LiDAR scanning, AI analysis, and digital reconstruction are revealing ancient Greece in ways that would have seemed impossible a decade ago — transforming how we understand one of the world's great civilisations.

The Technology

LiDAR, AI & Digital Reconstruction

LiDAR — Light Detection and Ranging — uses laser pulses to create extraordinarily detailed three-dimensional maps of landscapes, penetrating vegetation to reveal structures hidden beneath. In Greece, it has transformed archaeological survey: sites that would have taken decades to map by traditional methods can now be documented in days, revealing the full extent of ancient settlements, road networks, and agricultural systems.

At Pylos in the Peloponnese, LiDAR survey has revealed the full extent of the Bronze Age palace complex around the Palace of Nestor — showing a landscape of roads, workshops, and outlying settlements that transforms our understanding of Mycenaean urban organisation. Similar surveys are underway at Sparta, Corinth, and across the Aegean islands.

AI analysis is being applied to the vast archives of archaeological data accumulated over 150 years of Greek excavation — finding patterns, connections, and anomalies that human researchers would take lifetimes to identify. Machine learning models trained on pottery typologies can now date sherds with a precision that rivals expert human analysis.

Digital Heritage

Reconstructing the Ancient World

Digital reconstruction — the creation of photorealistic three-dimensional models of ancient buildings and cities — has moved from academic curiosity to mainstream cultural experience.

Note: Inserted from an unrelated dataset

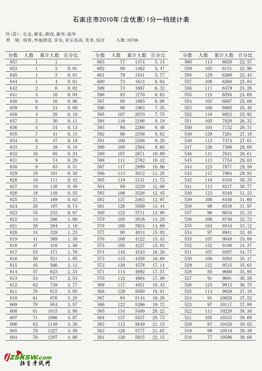 2010年石家庄中考成绩1分一档统计表(市内五区)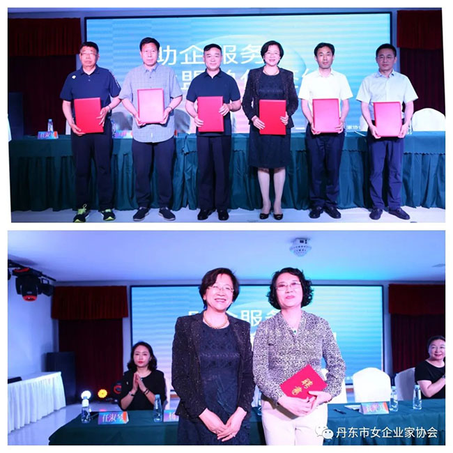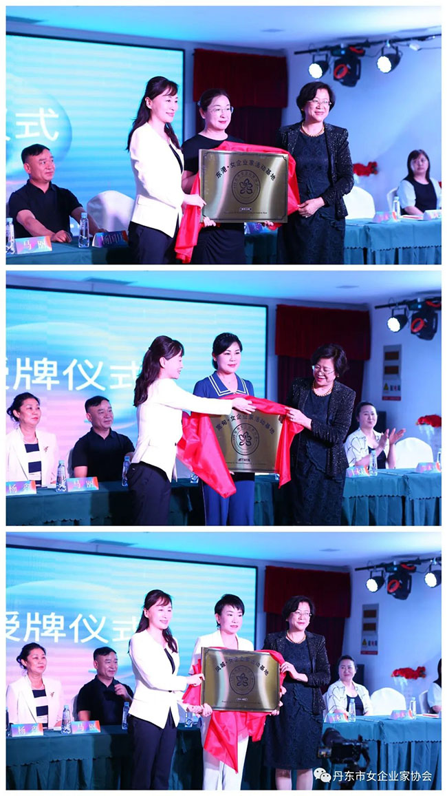 同時(shí),丹東市婦女聯(lián)合會副主席朱穎與丹東女企協(xié)會長袁光美向東港、鳳城、寬甸女企業(yè)家協(xié)會會員服務(wù)站授牌。

The Acropolis of Athens has been digitally reconstructed in its fifth-century BC state with a precision that allows visitors to walk through the Parthenon as Pericles would have known it, the sculptures in their original polychrome paint, the gold and ivory cult statue of Athena gleaming in the interior.

The Antikythera Mechanism — the extraordinary ancient Greek astronomical computer recovered from a shipwreck in 1901 — has been the subject of a decade-long digital reconstruction project that has finally revealed its full function: a device capable of predicting solar and lunar eclipses, the positions of the planets, and the dates of the Olympic Games. It is the most sophisticated mechanical device known from the ancient world, and its reconstruction has rewritten the history of technology.

These technologies are not merely academic. They are transforming the visitor experience at Greek archaeological sites, making the ancient world accessible and comprehensible to audiences who might otherwise find ruins difficult to interpret. Greece is at the forefront of this digital heritage revolution.